### Provided material
========
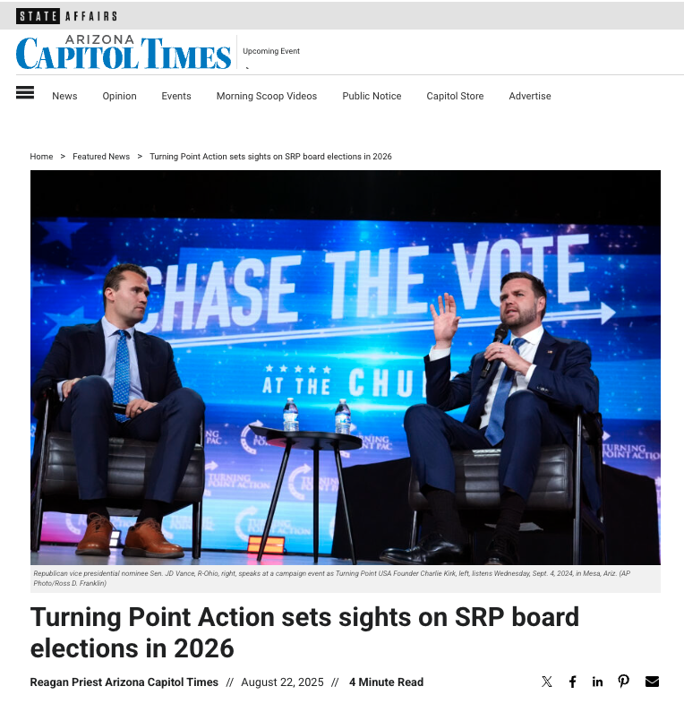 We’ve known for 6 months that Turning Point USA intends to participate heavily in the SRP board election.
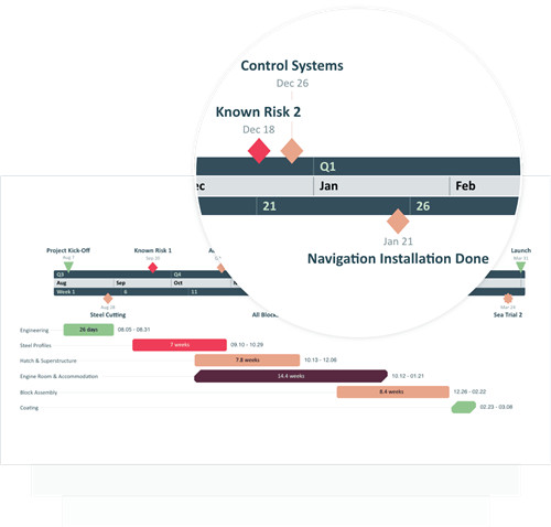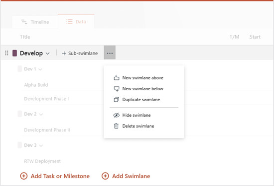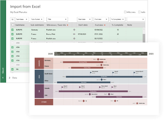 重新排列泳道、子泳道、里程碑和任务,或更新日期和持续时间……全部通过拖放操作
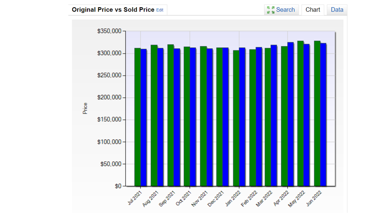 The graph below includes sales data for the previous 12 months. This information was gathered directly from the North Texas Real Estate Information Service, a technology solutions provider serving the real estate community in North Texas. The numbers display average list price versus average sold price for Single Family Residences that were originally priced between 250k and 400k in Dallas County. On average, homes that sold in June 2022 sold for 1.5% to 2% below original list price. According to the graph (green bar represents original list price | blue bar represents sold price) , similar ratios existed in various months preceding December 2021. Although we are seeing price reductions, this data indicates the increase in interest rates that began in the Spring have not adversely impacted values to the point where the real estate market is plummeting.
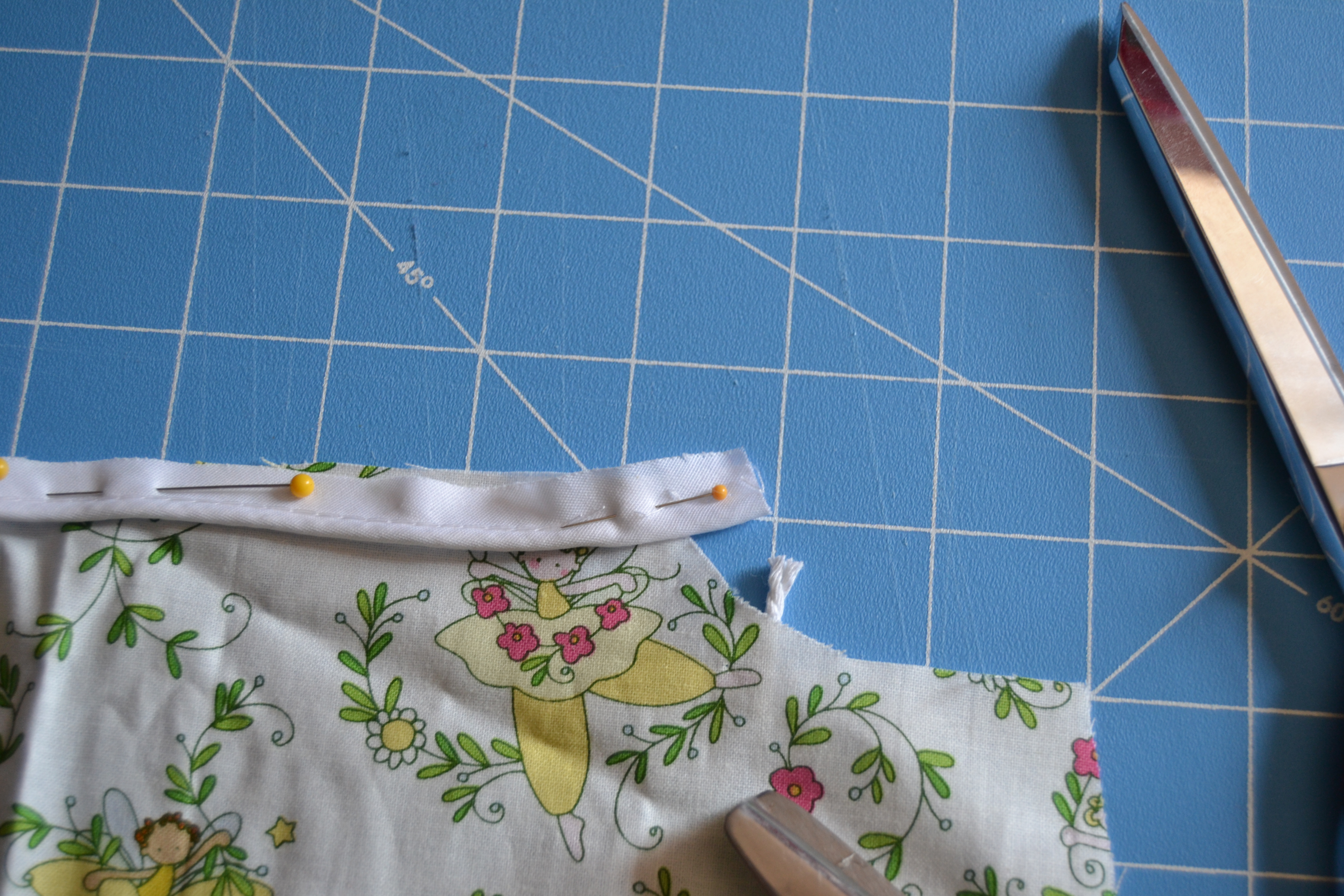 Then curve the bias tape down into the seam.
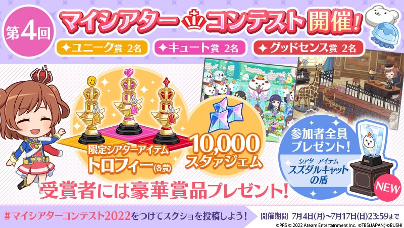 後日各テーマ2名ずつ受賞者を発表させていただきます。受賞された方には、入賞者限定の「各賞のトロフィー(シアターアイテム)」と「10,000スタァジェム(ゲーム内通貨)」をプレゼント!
========
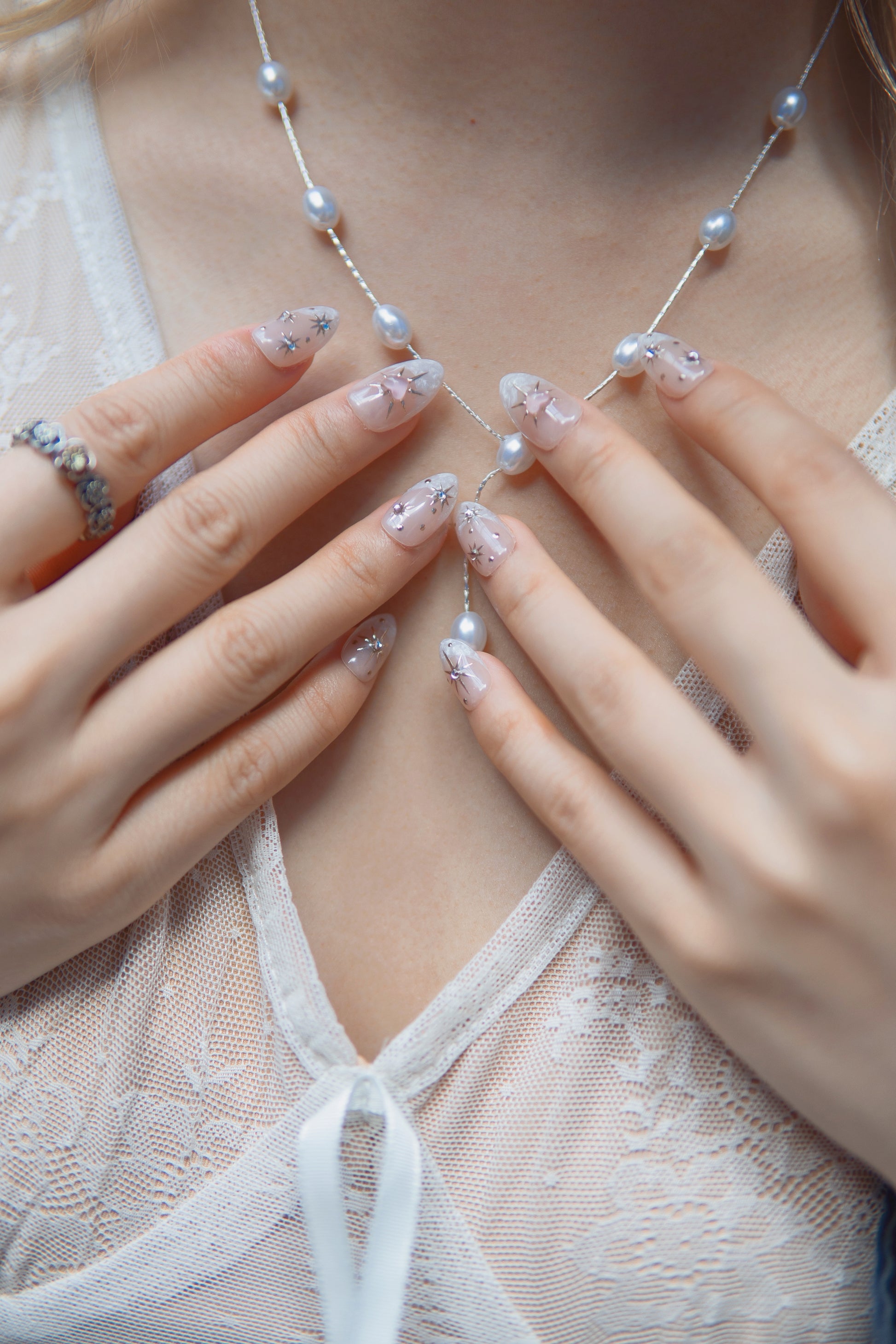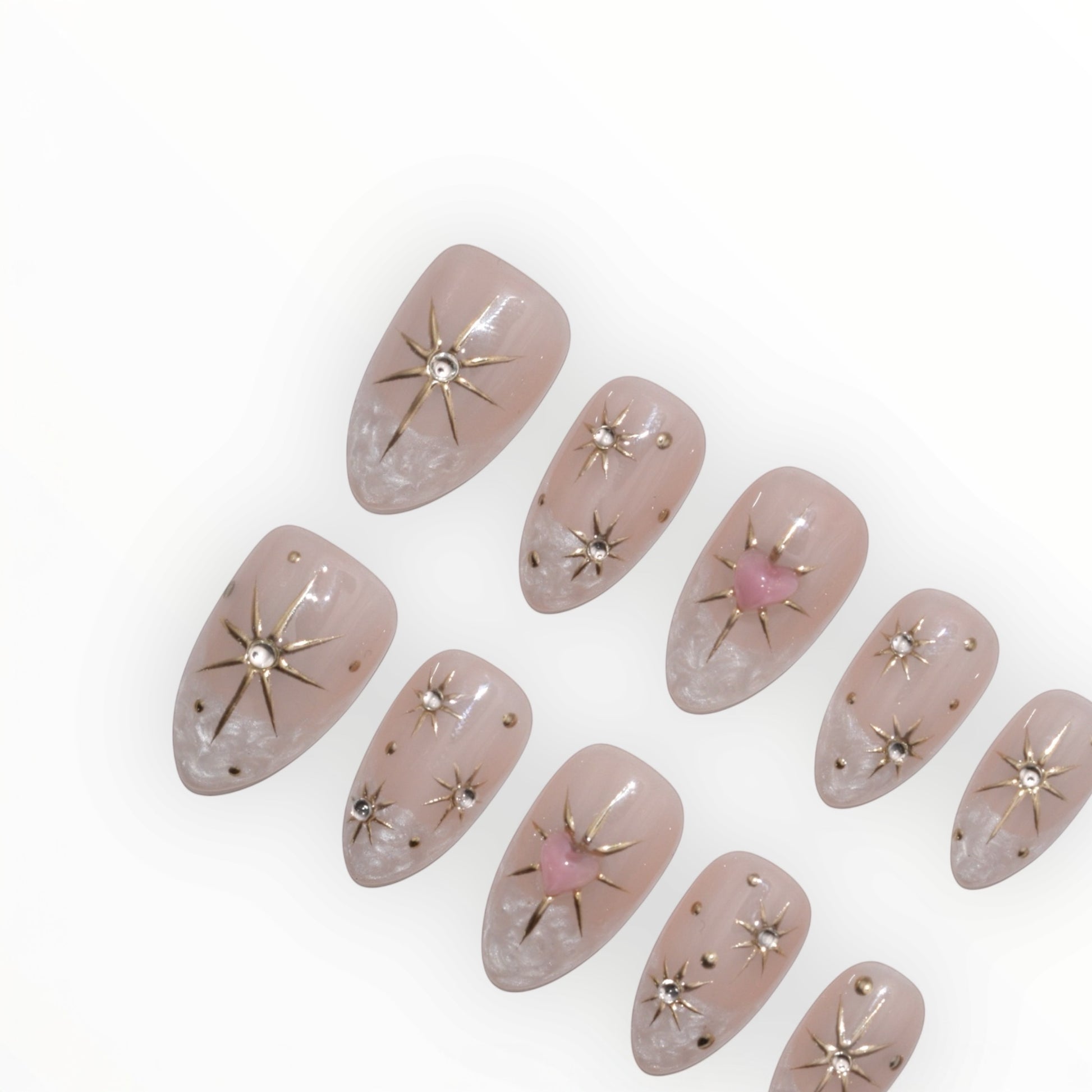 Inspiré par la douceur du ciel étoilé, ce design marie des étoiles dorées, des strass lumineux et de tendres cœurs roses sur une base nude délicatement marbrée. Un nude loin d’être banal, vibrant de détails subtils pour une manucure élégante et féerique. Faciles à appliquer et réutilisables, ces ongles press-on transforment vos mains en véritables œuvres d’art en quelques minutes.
========
### The task
Each line above that falls between the line with "重新排列泳道、子泳道、里程碑和任务,或更新日期和持续时间……全部通过拖放操作" and the line with "後日各テーマ2名ずつ受賞者を" should be printed exactly, together with those two lines, but the pictures should not.

### Finished exercise
 重新排列泳道、子泳道、里程碑和任务,或更新日期和持续时间……全部通过拖放操作
 The graph below includes sales data for the previous 12 months. This information was gathered directly from the North Texas Real Estate Information Service, a technology solutions provider serving the real estate community in North Texas. The numbers display average list price versus average sold price for Single Family Residences that were originally priced between 250k and 400k in Dallas County. On average, homes that sold in June 2022 sold for 1.5% to 2% below original list price. According to the graph (green bar represents original list price | blue bar represents sold price) , similar ratios existed in various months preceding December 2021. Although we are seeing price reductions, this data indicates the increase in interest rates that began in the Spring have not adversely impacted values to the point where the real estate market is plummeting.
 Then curve the bias tape down into the seam.
 後日各テーマ2名ずつ受賞者を発表させていただきます。受賞された方には、入賞者限定の「各賞のトロフィー(シアターアイテム)」と「10,000スタァジェム(ゲーム内通貨)」をプレゼント!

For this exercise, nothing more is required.